On 7 May 2021, Vietnam recorded the first death of a person vaccinated with the AstraZeneca vaccine. She was a 35-year-old medical staff in An Giang Province. This female health worker was vaccinated with AstraZeneca vaccine in the morning of 6 May at the vaccination site in Tan Chau Regional General Hospital. Before the injection, she was screened and explained about post-injection reactions. After the injection, she had anaphylactic shock reaction. According to the conclusion of the An Giang Department of Health, the cause of death is anaphylaxis on the basis of non-steroidal allergy (anti-inflammatory painkiller).

On 21 June 2021, Vietnam recorded the second death of a person vaccinated with the AstraZeneca vaccine. He was a 26-year-old teacher in Hanoi. He was vaccinated at the medical center in Dong Anh District on 20 June, after having health checkup and being given eligibility for vaccination. He died at 23:15 on 21 June, 39 hours after getting vaccinated against COVID-19. The cause of death is not known. 100 people besides this man who got vaccinated at that center that day were all stable.

As of 5 September 2021, there were 825,305 mild adverse event following immunizations (AEFIs) (3.7%) and 51 serious AEFIs (7 fatal).

On 5 November 2021, Hanoi Department of Health gave information about the incident of injecting Pfizer vaccine for 18 children aged 2 to 6 months in Quoc Oai district. After injection, some children have fever, redness, swelling at the injection site and not recorded any cases of anaphylaxis.

On 23 November 2021, there were at least 72 workers, aged 25–30 at a shoe company showing side effects after injecting Vero Cell COVID-19 vaccine, in which 5 people had anaphylactic shock. By 25 November, four workers had died.
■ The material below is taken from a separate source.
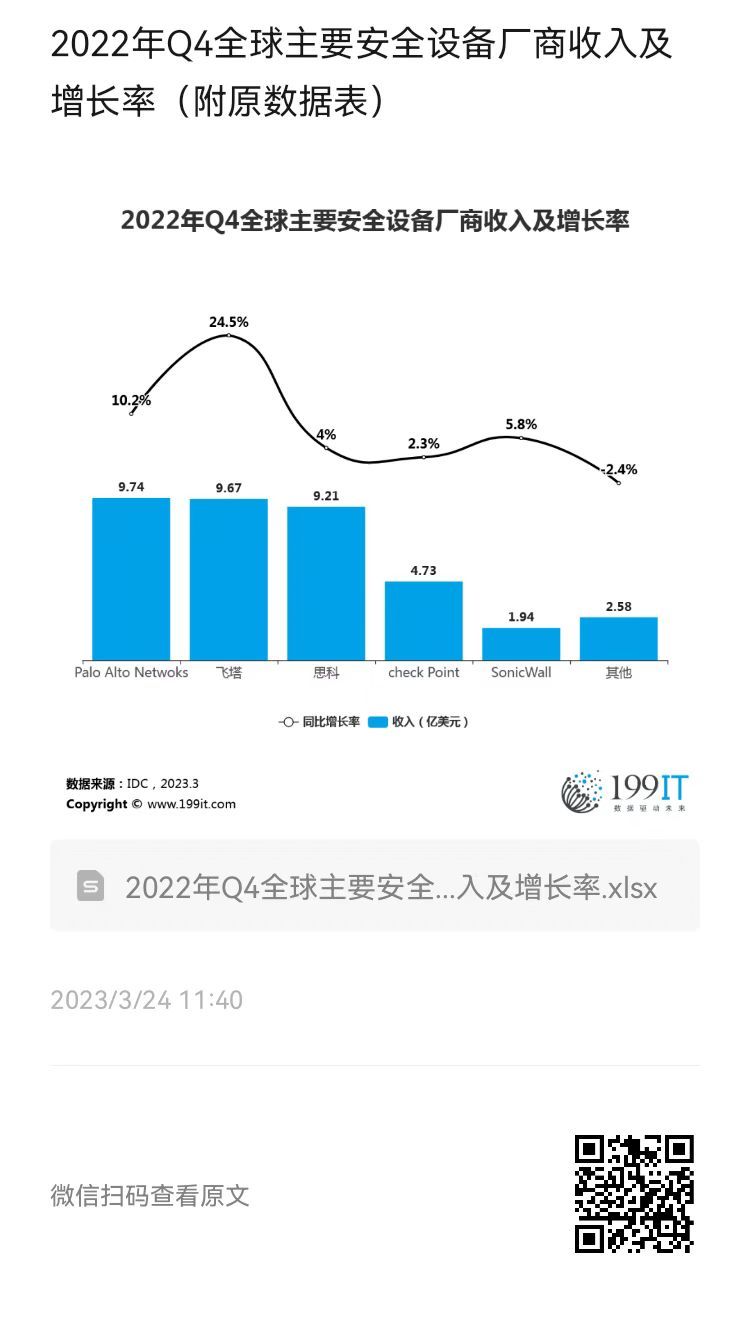 - 2023年Q4全球主要安全设备厂商收入市场份额(附原数据表)

Thanh Hoa authorities stopped injecting the remaining 43,000 doses of Vero Cell in storage and investigated the cause of this incident.

== Public opinion and vaccine effectiveness ==
A poll conducted from October to December 2020 found that Vietnam had one of the highest vaccine acceptance rate in the world. 98% of people surveyed responded they would definitely or probably get vaccinated when a COVID-19 vaccine becomes available.
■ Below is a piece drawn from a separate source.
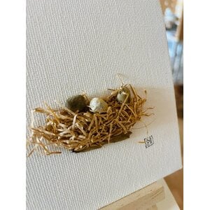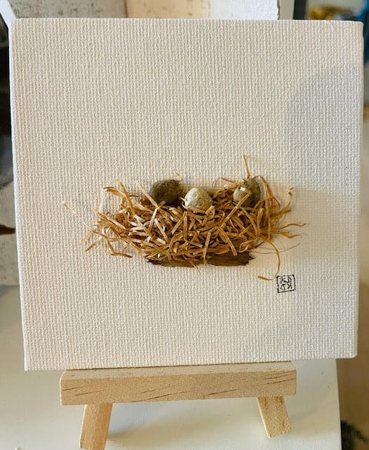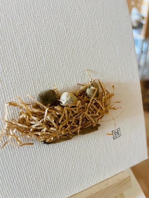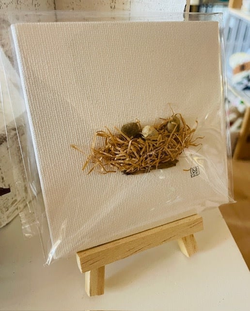 A 4" x 4" canvas board with a Bird nest and eggs, thoughtfully crafted from beach stones and grass collected along the New Hampshire coast. Includes easel and come sleeved in plastic.

A survey conducted in mid-October 2021 at the Hospital for Tropical Diseases in Ho Chi Minh City (where severe COVID-19 patients are treated) showed that 45% of the 349 patients had mild symptoms, while the rest had severe symptoms.

When comparing mild and severe symptoms in vaccinated and unvaccinated patients, 74% of the unvaccinated group had severe symptoms. 40% of those in the vaccinated group (who received one or two doses) had severe symptoms. 49% of those who received one dose experienced severe symptoms, while only 12% of those who received the second dose did. There was one case that required invasive mechanical ventilation and five cases that required an oxygen mask in the group that received the second doses. In the group that received only one injection, invasive mechanical ventilation was required in ten cases. In the unvaccinated group, there were 51 cases that required mechanical ventilation and three cases that required ECMO.